I recently picked up Build a Large Language Model (From Scratch) by Sebastian Raschka. The book walks you through building a GPT-style language model step by step — from raw text all the way to a trained model. It's Python-first, but I'm a Go developer, so I'm implementing everything in Go as I follow along.
The book is structured around understanding, not shortcuts. Instead of importing a library and calling it a day, you build each component from scratch and understand why it works. Chapter 1 covers the big picture of LLMs, what they are, how they differ from earlier models, and the overall architecture. Chapter 2 gets into the first real implementation: text tokenization.
By the end of chapter 2, you have a working BPE tokenizer(same kind used in GPT-2 and GPT-3). That's what this post covers.
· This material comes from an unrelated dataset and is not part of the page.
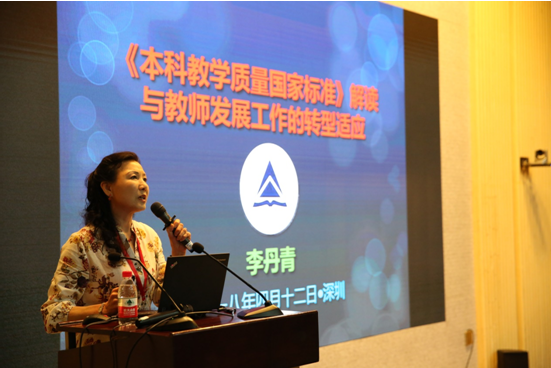 中国计量学院标准化学院院长、院校管理与标准化研究所所长、教育部高等学校公用工程类专业教学指导委员会委员李丹青教授做了题为“《本科教学质量国家标准》解读与教师发展工作的转型适应”的专题讲座。李丹青从高等教育质量及标准概述、专业类教学质量标准解读和教师发展工作的转型与适应三个方面介绍了教育质量的标准、专业类教学质量标准制定的意义、原则和内容。她建议《国标》颁布后要让教指委用起来、让高校动起来、与‘三个一流’建设紧密结合起来,要积极开展教师发展标准工作,学懂、弄懂、吃透《国标》,宣传、推广、解读《国标》,研究、探讨、落实《国标》。

Before a language model can process text, the text needs to be converted into numbers. A tokenizer does this job. It takes a string like "Hello, world!" and converts it into a list of integers:
"Hello, world!" → [15496, 11, 995, 0]
Each integer is a token ID — an index into the model's vocabulary. The model never sees the raw text, only these numbers. Decoding is the reverse: given a list of token IDs, reconstruct the original string.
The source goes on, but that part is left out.